> What to produce
Pictures do not belong in the copy. Write out exactly the lines from the one containing "방법은 위와 같다. 앱" through the end of the data.

> Stored data
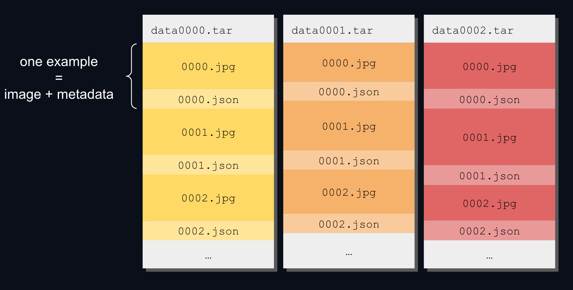 A large scale WebDataset is made of many files called shards, where each shard is a TAR archive. Each shard is often ~1GB but the full dataset can be multiple terabytes!
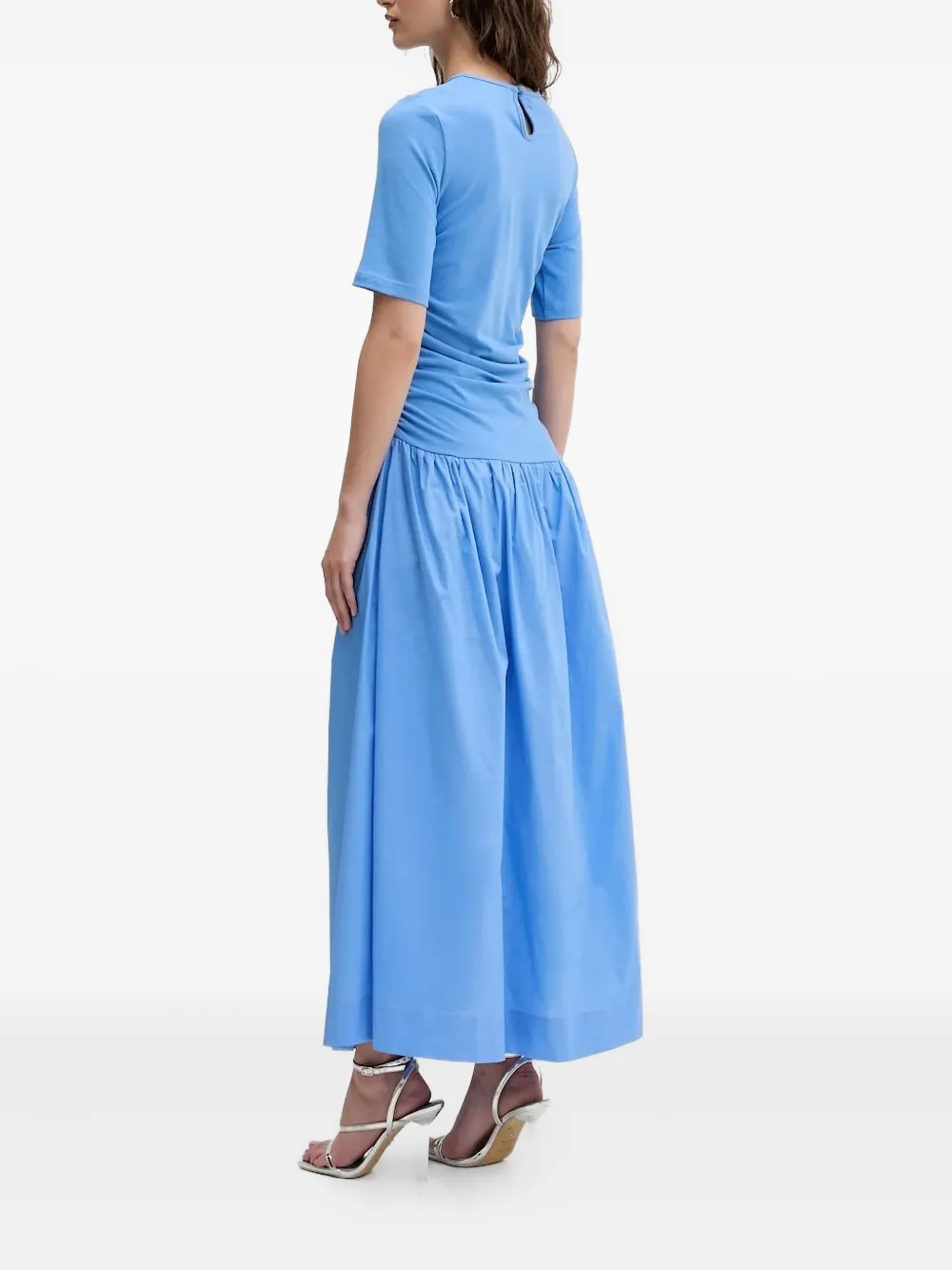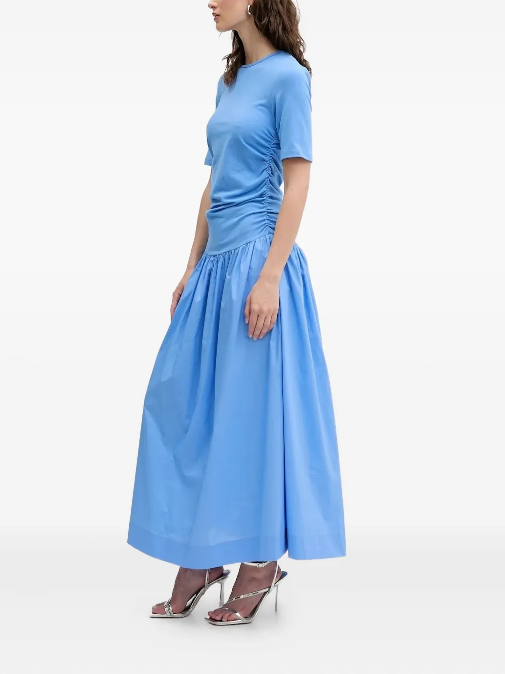 Юбка из поплина светло-голубого цвета с присборенной талией и короткими рукавами с круглым вырезом
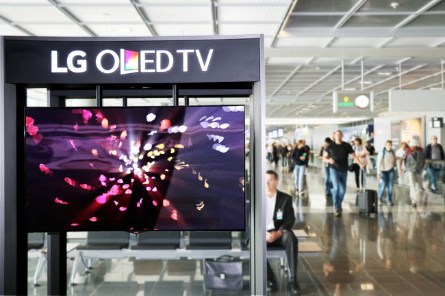 LG전자는 이달 들어 미국 뉴욕 JFK 공항, 유럽의 관문인 독일 프랑크푸르트 공항, 러시아 쉐르메체보 공항 등 23개국 39개 주요 공항에 올레드 TV를 설치하고 있다. LG전자는 국내 8개 공항을 포함해 10월 말까지 23개국 39개 공항에 200여 대의 올레드 TV 설치를 완료한다는 계획이다.
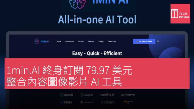 | 功能類別 | 主要工具 | |———-|———-| | 內容創作 | 部落格文章、摘要、關鍵字研究、社交標題 | | 圖像處理 | 生成圖像、編輯、移除背景、變體製作 | | 文件管理 | PDF 處理、翻譯、檔案洞察 | | 音頻 | 語音旁白、轉錄 | | 影片 | 文字/圖像轉影片、YouTube 總結 | 1min.AI Advanced Business Plan 終身訂閱現以一次性 US$79.
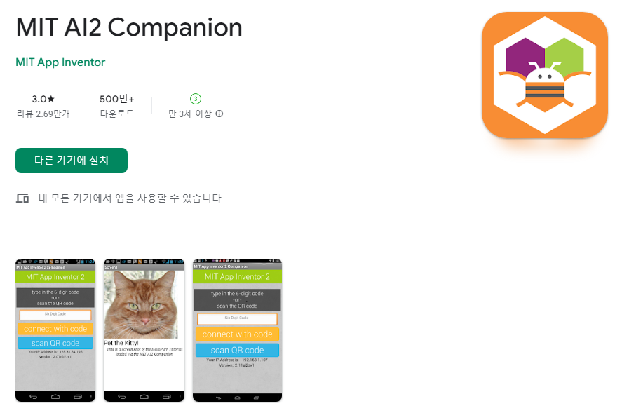 방법은 위와 같다. 앱 인벤터2 aiStarter 다운로드 사이트(https://appinventor.mit.edu/explore/ai2/setup-emulator.html)에 접속해 프로그램을 다운받고 USB와 MIT AI2 Companion를 다운받은 핸드폰을 연결한 뒤 다운받은 프로그램을 실행하면 된다. 그러면 모바일 기기에 깔린 어플을 통해 자신이 만든 앱을 테스트할 수 있다.
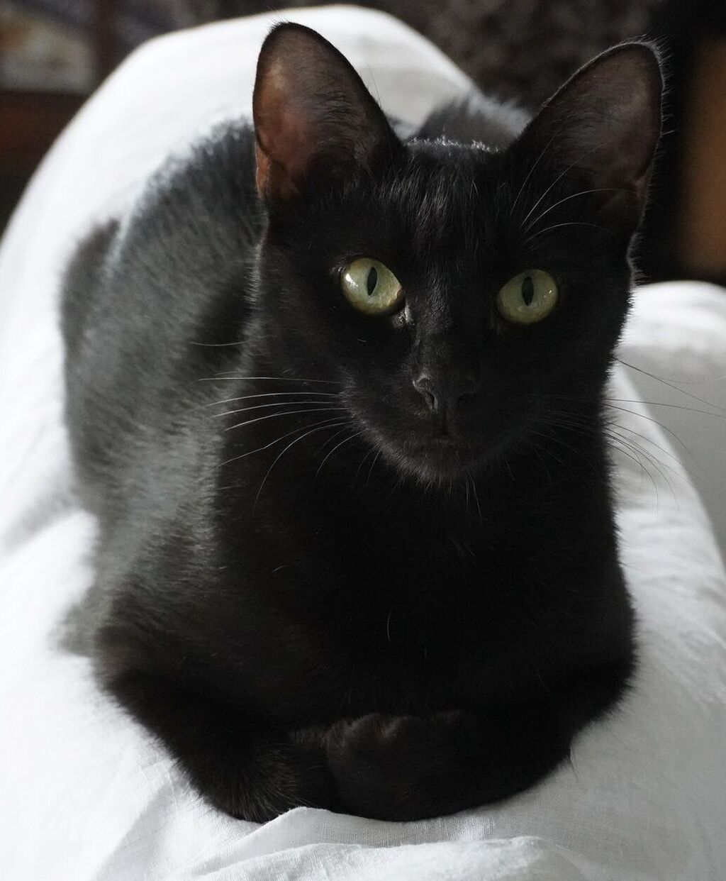 Miss Silky is a stylish girl with a glossy black coat and dreamy, sea green eyes.
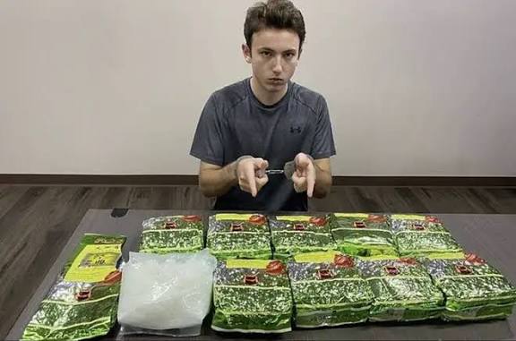 Photos accompanying the statement showed a suitcase on a bed with foil bags labelled as tea, which police say after testing contained crystal meth.
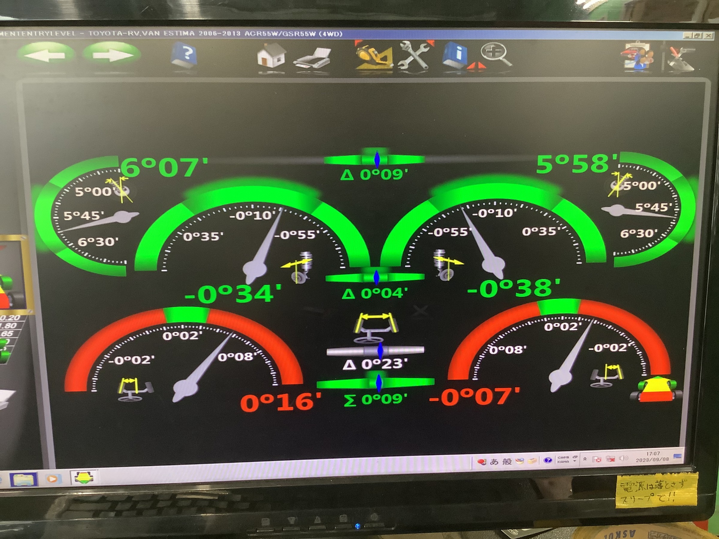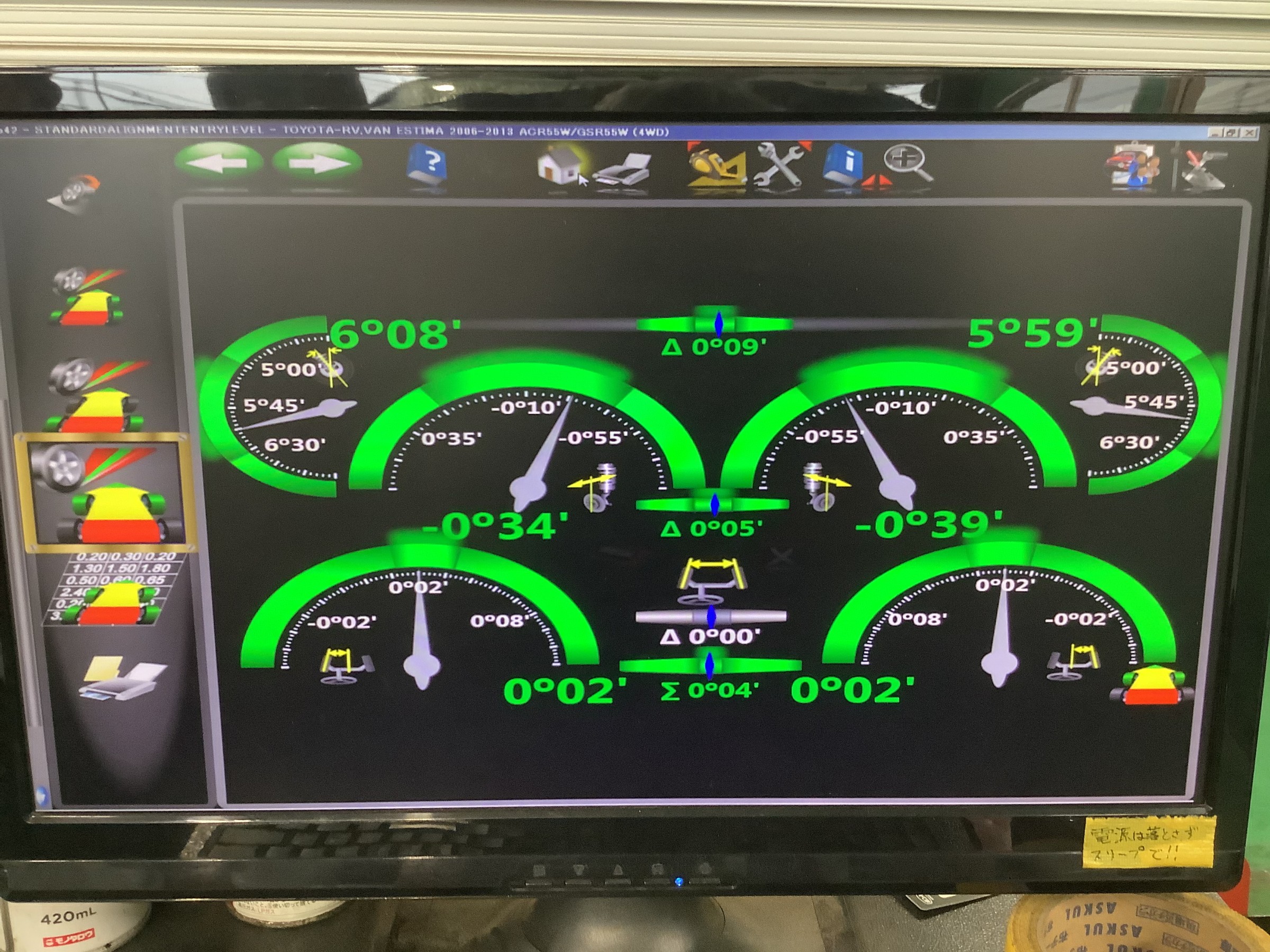 エスティマは前輪のトーを左右調整できるので、こちらを調整させていただき
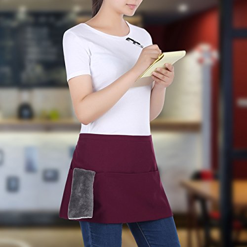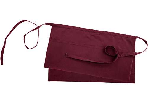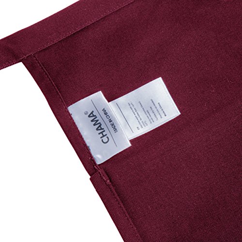 Chama Waist Apron With 3 Pockets(Set of 2, Burgundy) For Men Women Chef Baker Cooking Restaurant Bistro Craft Garden Half Aprons for Servers Craftsmen --2 Pack (Burgundy)

> Result for this exercise
 방법은 위와 같다. 앱 인벤터2 aiStarter 다운로드 사이트(https://appinventor.mit.edu/explore/ai2/setup-emulator.html)에 접속해 프로그램을 다운받고 USB와 MIT AI2 Companion를 다운받은 핸드폰을 연결한 뒤 다운받은 프로그램을 실행하면 된다. 그러면 모바일 기기에 깔린 어플을 통해 자신이 만든 앱을 테스트할 수 있다.
 Miss Silky is a stylish girl with a glossy black coat and dreamy, sea green eyes.
 Photos accompanying the statement showed a suitcase on a bed with foil bags labelled as tea, which police say after testing contained crystal meth.
 エスティマは前輪のトーを左右調整できるので、こちらを調整させていただき
 Chama Waist Apron With 3 Pockets(Set of 2, Burgundy) For Men Women Chef Baker Cooking Restaurant Bistro Craft Garden Half Aprons for Servers Craftsmen --2 Pack (Burgundy)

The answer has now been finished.